In our analysis there were 334 reviewers with more than 10 reports. On average, they produced 14 reports. We scored their overall priority score and recalculated those as if each reviewer had produced 14 reports. Our reviewers were asked to choose between high (top 20%) priority and low priority. Fig. 4 shows that the observed distribution deviates substantially from the expected—calculated—distribution. Thus, based on an overall occurrence of 60% low priority and 30% high priority, there would be a chance of 0.08% (none expected in the group of 334 reviewers) to find 14 consecutive low priorities (bin 0–3%) based on binomial distribution calculations. However, we found seven individuals within this bin. The chance to have 13 low priorities and one high priority (bin 3–10%) would amount to 0.73% or two individuals. Instead we observed 20 individuals. Within the first four bins (at the left) the expected cumulative percentage would be 12.43% with 41 individuals. Instead we found 93 individuals. Overall, 52 out of 334 reviewers (15.6%) tended to assign more low priorities to manuscripts than would be expected. This is substantially more than in the previous analysis of Siegelman [8].
|
| 6 Geographical aspects |
|---|
|
|
|---|
We next hypothesized that if bias is present, it might relate to the country of origin of either authors or reviewers or both. We calculated the number of reviewer–manuscript interactions from the database with 3444 manuscripts. We omitted all manuscripts with authors with an affiliation from more than one country. This led to 8313 reviewer–manuscript interactions. Next, we selected the countries with more than 100 interactions both at the reviewer and the manuscript side. Some countries fulfilled one of the criteria, but not the other (reviewer: Belgium, Switzerland; manuscripts: Austria, Spain, Taiwan). Fig. 5 shows the countries grouped in the order of averaged reviewer's priority scores. The average priority score for all 8313 interactions was 35.07% and this value was set at 100% (dashed line).
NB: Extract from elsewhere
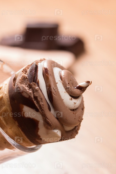 Мороженое и кусочки темного шоколада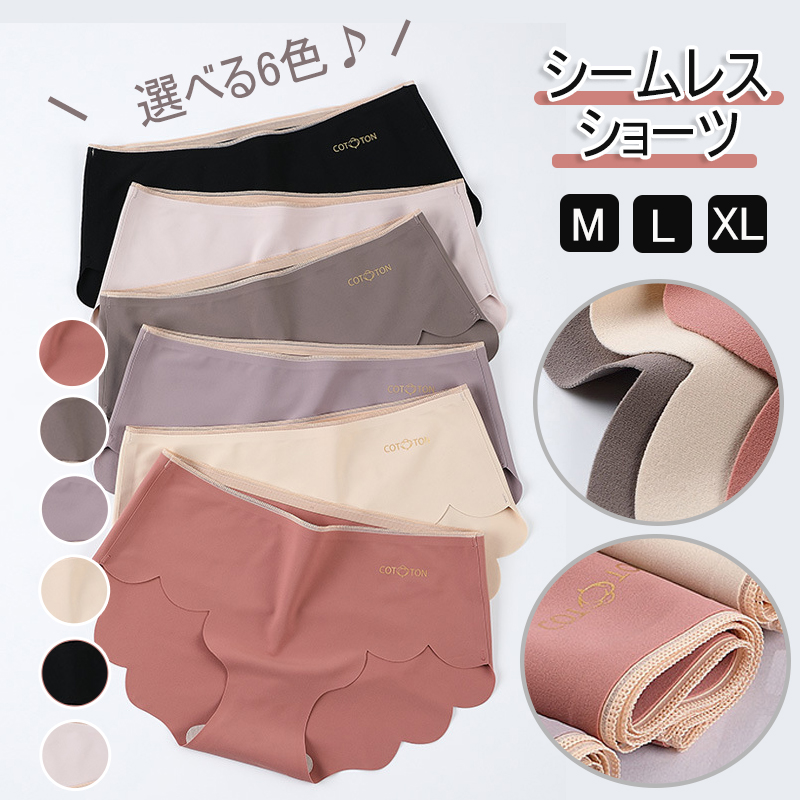 シームレス ショーツ レディース シームレスパンツ スカラップカット かわいい オシャレ コットンパンツ インナー コットン 伸縮性 快適 シンプル ラインが出ない スタンダード 下着 通気性 無地

The reviewers histograms depict the priority score of the reviewers from a specific country on the manuscripts of all countries including the own country. The manuscript histograms depict the priority scores of the manuscripts from a specific country as assigned by the reviewers from all countries including the own country.
|
Reviewers from the USA assigned significantly higher priority to manuscripts (ANOVA, P<0.0005). The opposite was observed for reviewers from Japan (P<0.025), the United Kingdom (P<0.001) and Australia (P<0.025). Reviewers from The Netherlands also assigned relatively low priority scores (borderline significant).
Manuscripts from The Netherlands (P<0.01), the United Kingdom (P<0.005) and the USA (P<0.0005) received significantly higher priority ratings. Manuscripts from Italy (P<0.01), other countries (P<0.005) and Sweden (P<0.005) scored significantly lower than the average.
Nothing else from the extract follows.